This work extends the popular scGPT model by injecting language embeddings from multiple knowledge sources (NCBI gene cards, UniProt protein summaries, and GO annotations) to complement experimental scRNA-seq data for predicting single‐cell perturbations. The authors show that while language embeddings alone do not outperform traditional biological representations, they add a significant complementary value—especially for single-gene perturbations (via subcellular localization) and two-gene perturbations (via protein summaries).
See detailed discussion below for methodology, performance metrics, and limitations
This study introduces the scGenePT model, which augments the scGPT foundation model by incorporating language embeddings derived from extensive gene-related databases. By integrating textual data from sources such as NCBI gene card summaries, UniProtKB protein summaries, and GO annotations, the authors seek to provide complementary prior knowledge to traditional experimental scRNA-seq data for predicting the outcomes of genetic perturbations in single cells.
Empirically, scGenePT demonstrated consistent improvements over the scGPT baseline and other state-of-the-art models such as GEARS on both the Norman and Adamson datasets. For instance, on the Adamson single-gene perturbation dataset, scGenePT incorporating NCBI+UniProt embeddings achieved a Pearson correlation of 0.781 ± 0.02 and an MSE of 0.133 ± 0.01 on all genes, outperforming scGPT’s 0.782 ± 0.02 correlation but with lower MSE, indicating more accurate predictions. On two-gene perturbations in the more challenging Norman dataset, scGenePT GO-all and NCBI+UniProt models reached superior performance with Pearson correlations around 0.698 and improved MSE compared to baselines. These gains were particularly notable in combinatorial perturbations involving unseen genes, underscoring scGenePT’s enhanced ability to generalize beyond training perturbations.
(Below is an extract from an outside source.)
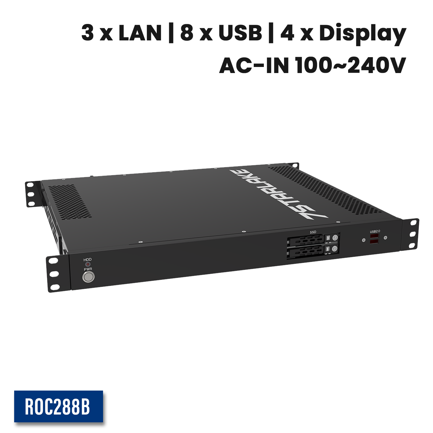 ROC288B: 1U Fanless Rackmount Server with 3 x LAN, 8 x USB, 4 x Display, AC-IN 100~240V

Beyond metrics, interpretability analyses revealed that language-informed models produce biologically more plausible predictions. For example, the model better captured directionality and magnitude of perturbation effects for genes like POU3F2 in the Norman dataset, accurately predicting downregulation for downstream targets such as FABP5, HSP90AB1, and NPM1, consistent with known biology. This reflects how language embeddings from curated sources provide meaningful prior biological context that guides model predictions in complex perturbations, especially when experimental training data are limited or absent.
Nonetheless, the authors prudently discuss limitations including potential overfitting risks associated with dataset-specific language embeddings and the challenge of generalizing to broader perturbation and cell type contexts. They advocate for the systematic curation of auxiliary text sources, investigation of alternative embedding alignment methods, and extension to diverse datasets to solidify findings.
This study provides a meaningful contribution by rigorously demonstrating that the integration of language-derived knowledge with experimental single-cell data enhances predictive performance in single-cell perturbation models. The approach’s solid experimental validation, combined with interpretability analyses, reveals the tangible biological benefits of multimodal data fusion. While the conceptual novelty of incorporating language embeddings into genomic foundation models is incremental relative to prior multimodal efforts, the thorough empirical and analytical treatment employed offers important insights and paves the way for future innovation in computational single-cell biology.
For instance, the study shows a significant performance boost with the incorporation of GO Cellular Component annotations in single-gene perturbations, where predictions become more biologically plausible by capturing changes in subcellular localization .
The scGenePT paper offers an insightful step forward in the integration of heterogeneous data modalities for single-cell analysis. By smartly blending language-derived gene summaries with experimental scRNA-seq data, the model achieves enhanced performance in predicting complex perturbation effects. Continued efforts to refine alignment techniques and extend evaluations to additional datasets will further solidify the utility of such integrative approaches in computational biology.